During precursor B-cell differentiation, heavy (H) and light chain genes of an immunoglobin (Ig) molecule are somatically assembled from germline DNA. This V(D)J recombination process occurs in the bone marrow prior to antigenic challenge (). In germinal centers, variable (V) regions become the target of somatic hypermutation (SHM) in activated B-cells generating high-affinity Ig (). In mature B-cells, class-switch recombination (CSR) deletes the constant (C) μ region and replaces it with a downstream CH gene. This enables B-cells to express various Ig isotypes without affecting antigen specificity (). Once activated, B-cells differentiate into Ig-secreting plasma cells. During B-cell development, V(D)J recombination, SHM, CSR and Ig synthesis are coupled with transcriptional accessibility of the IgH loci. IgH transcription is controlled by complex functional interactions of multiple enhancers, promoters and insulators spread among the 2.5 megabases of the locus. Among them, the 3′ regulatory region (3′RR) stands out as a major player during late stages of B-cell maturation (i.e., SHM, CSR and Ig synthesis).Citation1,2
Figure 1. DNA recombination and mutations occur during B-cell maturation. RAG-induced (during VDJ recombination) and AID-induced (during CSR and SHM) DNA breaks are potential sites of oncogene translocations. The IgH 3′RR may act as an oncogene deregulator by its long range transcriptional activity. Targeting 3′RR transcriptional activity might be a therapeutic strategy for the treatment of mature B-cell lymphomas.

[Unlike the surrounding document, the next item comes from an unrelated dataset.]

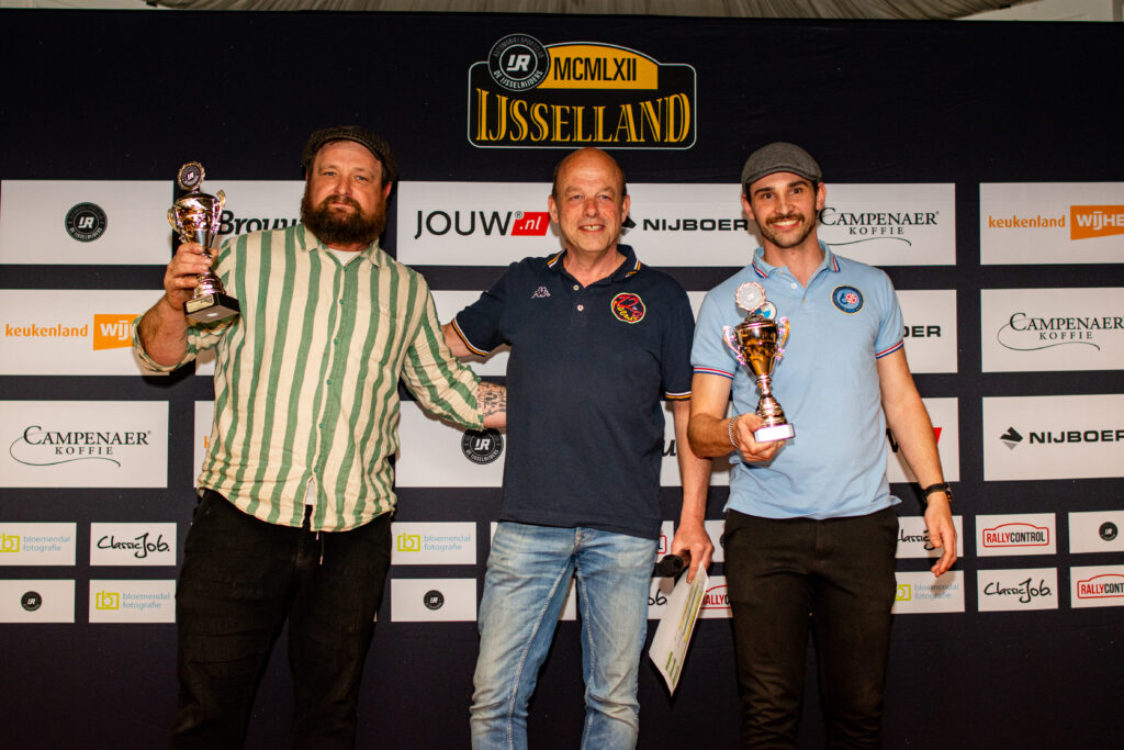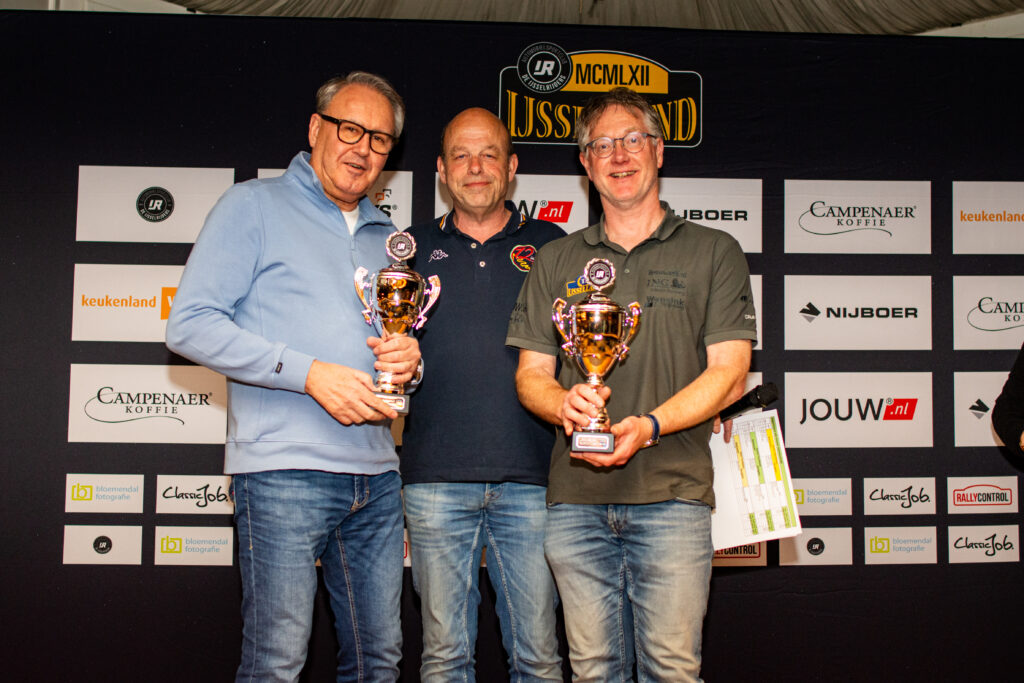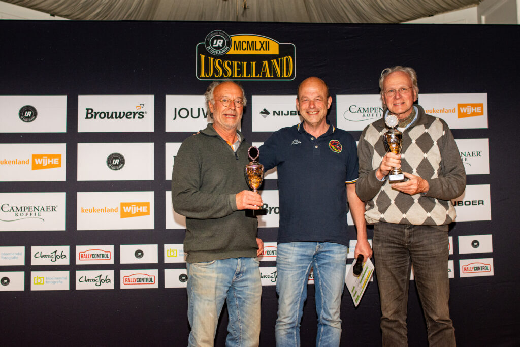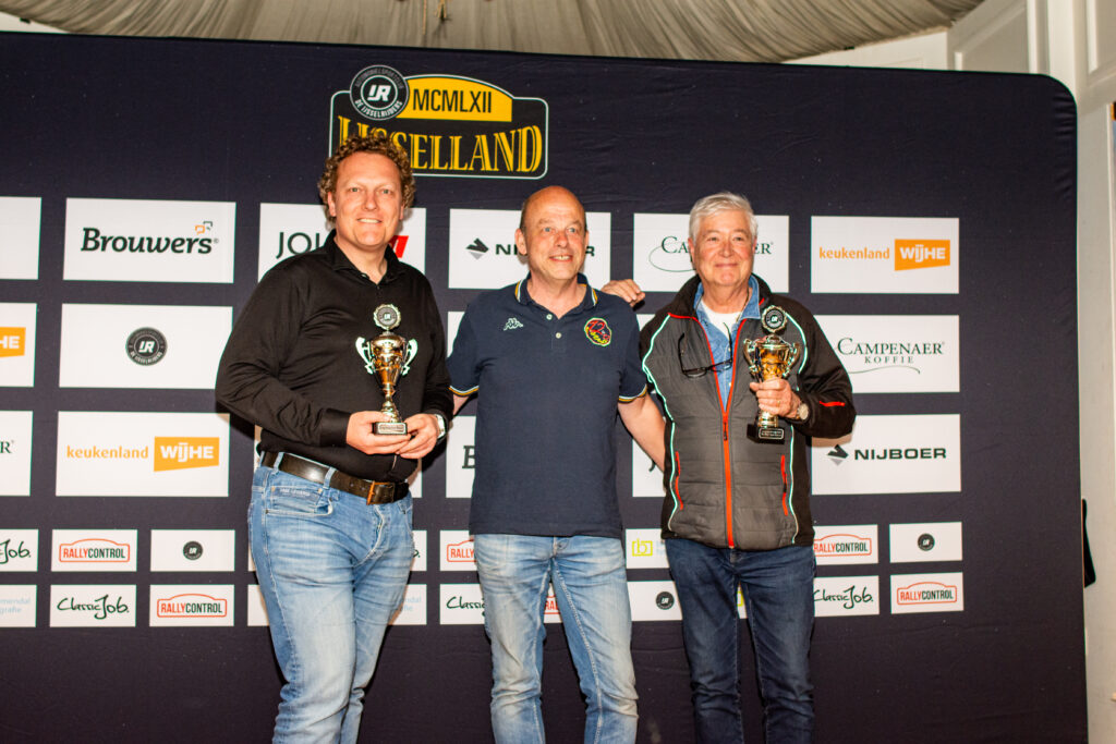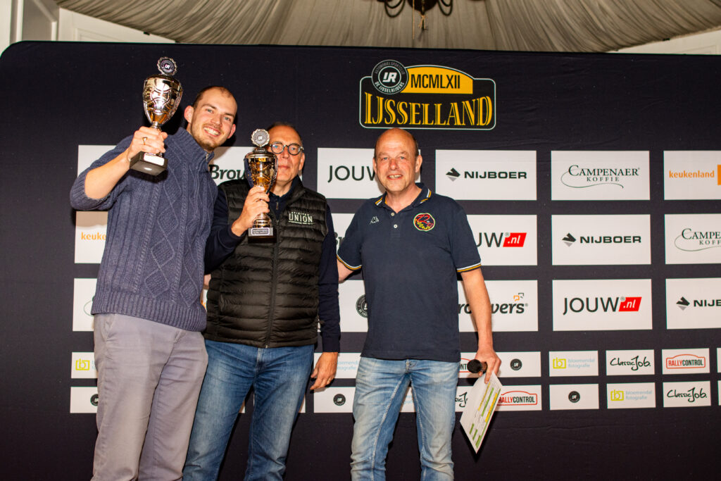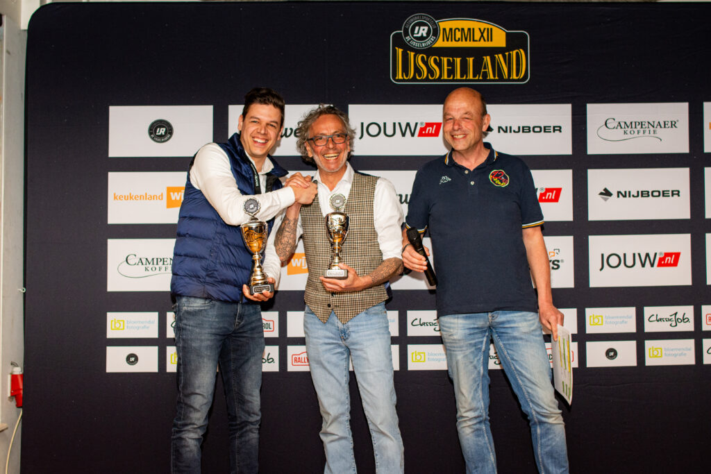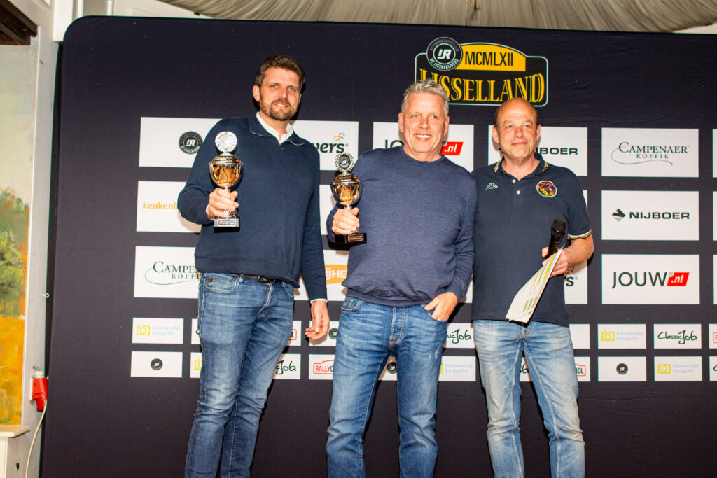 Vanaf ongeveer 16.45 uur mocht Bert van den Dool de eerste equipes weer onder de finishboog bij ’t Asje in Dalfsen binnenhalen. De zon scheen uitbundig en al snel werd het gezellig op het terras waar met de inmiddels verstrekte uitleg de dag nog eens doorgesproken werd. Rond 18.00 uur was iedereen binnen en kon er genoten worden van een uitgebreide en heerlijke BBQ. Ondertussen was de rekenkamer druk in de weer met de uitslag, bij deze rally, een nog ‘ouderwetse’ bordjesrally, toch wel serieus werk. Rond 19.00 uur kon dan echt de prijsuitreiking beginnen en werden de podiumplekken verdeeld. In bijna alle klassementen en testen was sprake van veel spanning en kleine marges tussen winst en verlies. Na de prijsuitreiking en onder het genot van een heerlijk dessertbuffet werd nog even nagenoten en nagepraat, de dag had immers veel (in)spanning, plezier en gespreksstof opgeleverd. Het was gewoon weer een onvergetelijke editie van de IJssellandrally!

![Figure 1. DNA recombination and mutations occur during B-cell maturation. RAG-induced (during VDJ recombination) and AID-induced (during CSR and SHM) DNA breaks are potential sites of oncogene translocations. The IgH 3′RR may act as an oncogene deregulator by its long range transcriptional activity. Targeting 3′RR transcriptional activity might be a therapeutic strategy for the treatment of mature B-cell lymphomas.](/cms/asset/1280f16b-b4b5-4a42-8ce9-995726d98ba7/kccy_a_1010964_f0001_oc.gif)
Ongoing recombination and mutation all along B-cell development make the IgH locus a hotspot for translocations. Numerous lymphomas are marked by proto-oncogene translocation into the IgH locus. Cyclin D1 and Bcl-2 translocations, found respectively in mantle cell lymphoma and follicular lymphoma, take place during the V(D)J recombination. Cyclin D1/D3 or c-maf translocations observed in myeloma are obviously linked to CSR. c-myc translocation, the typical hallmark of Burkitt lymphoma, is linked to SHM or CSR. The mouse 3′RR, located downstream of the IgH Cα gene, shares a strong structural homology with the regulatory regions located downstream of each human IgH Cα gene (Cα1 and Cα2). Mouse models exploring the role of the 3′RR in B-cell physiology and in B-cell malignancies should provide useful indications about the pathophysiology of human B-cell proliferations. Convincing demonstration of the key contribution of the 3′RR in mature B-cell lymphomagenesis has been done by transgenic animal models. c-myc-3′RR transgenics developed Burkitt lymphoma-like proliferation,Citation3 and the knock-in of a 3′RR cassette upstream of the endogenous c-myc gene induced B-cell lymphomas.Citation4 Interestingly the phenotype of lymphoproliferations induced by the c-myc-3′RR transgene is affected by the presence of associated mutations in key cell cycle dependent genes such as p53 or Cdk4.Citation5
Knock-out models have clarified the functions of the 3′RR as essential for high-rate IgH transcription at the plasma cell stage.Citation2 3′RR may thus be a potent activator of IgH-translocated oncogene transcription, even when the breakpoints lie several hundred kb away from the 3′RR. Long-range interactions between the 2 regions of chromatin, through formation of a loop structure, constitute an important mechanism of normal and abnormal gene transcription regulation by the 3′RR. Studies have reported interactions between the 3′RR and the IgH variable region in normal and lymphomagenetic contexts. Therefore, targeted inhibition of the 3′RR could theoretically provides a therapeutic strategy for the treatment of a wide range of mature B-cell lymphomas. However, the first step before considering the 3′RR as a potential suitable target for anti-lymphoma pharmacological therapy is to demonstrate the innocuousness of such an approach, and notably the absence of potent adverse effect on normal immune and inflammatory B-cell mediated responses. Induction of negative alterations on the physiological anti-lymphoma immune or inflammatory networks would be obviously a counterproductive approach. We have recently tested this prerequisite by investigating the in vivo pristane-induced inflammatory response in 3′RR-deficient BALB/c and wt BALB/c mice.Citation6 The lack of the 3′RR in BALB/c mice has no significant effect on the incidence, the kinetic of development and the cellular composition (IgM+IgD+ B-cells, CD4+ T cells, CD8+ T cells, monocyte/macrophage cells) of peritoneal ascites. Moreover ascite pro- and anti-inflammatory cytokine levels (IL-6, IL-21, IL-12/23, TNF-α IL-10, interferon-γ) are unaffected by the 3′RR-deficiency. Thus, a fully functional 3′RR is dispensable for the efficient recruitment of immune cells and the development of a normal inflammatory response in the in vivo pristane-induced inflammatory model.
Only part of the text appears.